Bushcamp, I have not seen the Sylvania CFLs at any other major chain stores, but it is such a major brand that it is likely sold near you. Try contacting any lighting stores or hardware stores listed in your phone book. A simple search on the internet will also turn up many mail-order sources, but I have not used any yet.
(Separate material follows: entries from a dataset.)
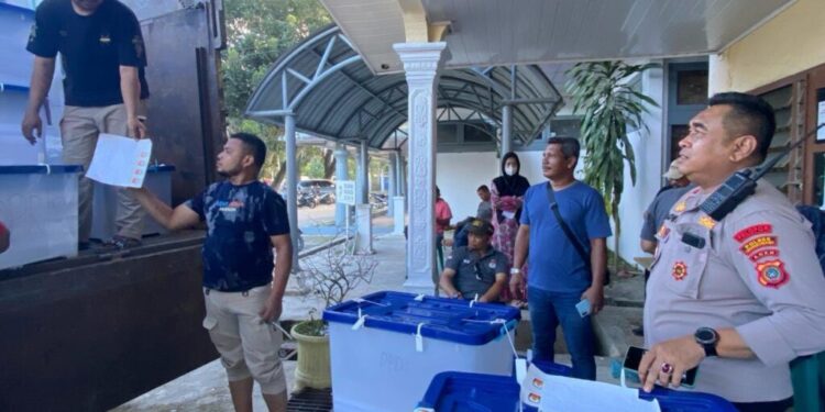 LHOKSEUMAWE – Polsek Muara Dua Kawal Material Logistik Pemilu ke Gudang dari Kantor Sekretariat PPK Kecamatan Muara Dua menuju Gudang Logistik KIP Kota Lhokseumawe, Minggu (25/2/2024).
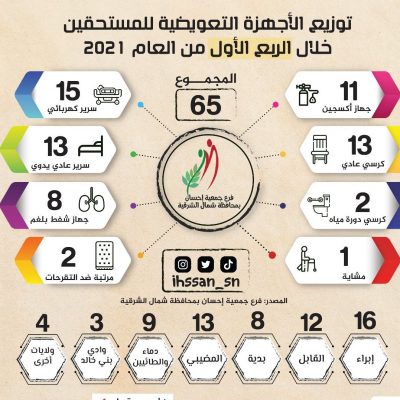 بلغ عدد أجهزة الأوكسجين التي سلمت للمرضى عبر جمعية إحسان 65 جهاز أوكسجين و 182 سريرا كهربائيا و197 كرسيا متحركا عاديا و31 جهاز شفط بلغم ، إضافة إلى عدد من المستلزمات والاحتياجات الطبية.
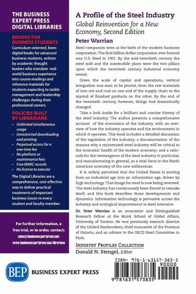 Steel companies were at the birth of the modern business corporation. The first billion dollar corporation ever formed was U.S. Steel in 1901. By the mid-twentieth century the steel mill and the automobile plant were the two pillars upon which the twentieth century industrial economy rested. Given the scale of capital and operations, vertical integration was seen to be pivotal, from the raw materials of iron ore and coal on one end of the supply chain to the myriad of finished products on the other. By the end of the twentieth century, however, things had dramatically changed. Take a look inside for a brilliant and concise history of the steel industry. The author presents a comprehensive account of the economics of the industry, with an overview of how the industry operates and the environment in which it operates. This book includes a detailed discussion of the regulation of the industry; a documentation of the reasons why a rejuvenated steel industry will be critical to the economic health of the modern economy; and a rationale for the reemergence of the steel industry in particular, and manufacturing in general, as a vital force in the North American economy of the new millennium. It is widely perceived that the United States is moving from an industrial age into an information age, driven by high technology. That image for steel is now being reversed. The steel industry has continuously been forced to remake itself, and this book describes those developments and dynamics. Information technology is pervasive across the industry and ecological improvement is steel intensive.

Interferance is not a problem with the new electronic ballasts. I have not had any problems whatsoever. You can hear a slight amount of static on a portable radio the instant the light is turned on, but then it is perfectly clear.


----------



## James S (Feb 26, 2003)

*Re: CFL torchier*

I've had no problems with interferance with anything but that GE dimmanble torch lamp. Thats not radio, but rather powerline. Turning that light on will put a completely stop to every X10 signal on the whole block /ubbthreads/images/graemlins/wink.gif


----------



## highlandsun (Feb 26, 2003)

Well, I tried to order the universal dimmer switch (link is here, again: http://www.maxlite.com/Pages-html/PR%20Stories/DimAll%20PR.html ) but was told they won't be in stock till June. Rather disappointing....


----------



## Lurker (Feb 26, 2003)

Has anyone seen the Sylvania bulbs in their warmer 2700K color temperature? I have only seen the 3000K bulbs, but am curious about the 2700K. It seems like that would be essentially identical to the color of an incandescent light bulb. The 2700K bulbs I have seen from other manufacturers are nice, but typically have an odd color tint, but maybe the Sylvania 2700Ks are different.


----------



## MarcV (Feb 26, 2003)

Color temperature is exactly why we use Paralite bulbs here in our basement office. They're supposedly 5,000K and do seem to be about the color of the sunshine outside. 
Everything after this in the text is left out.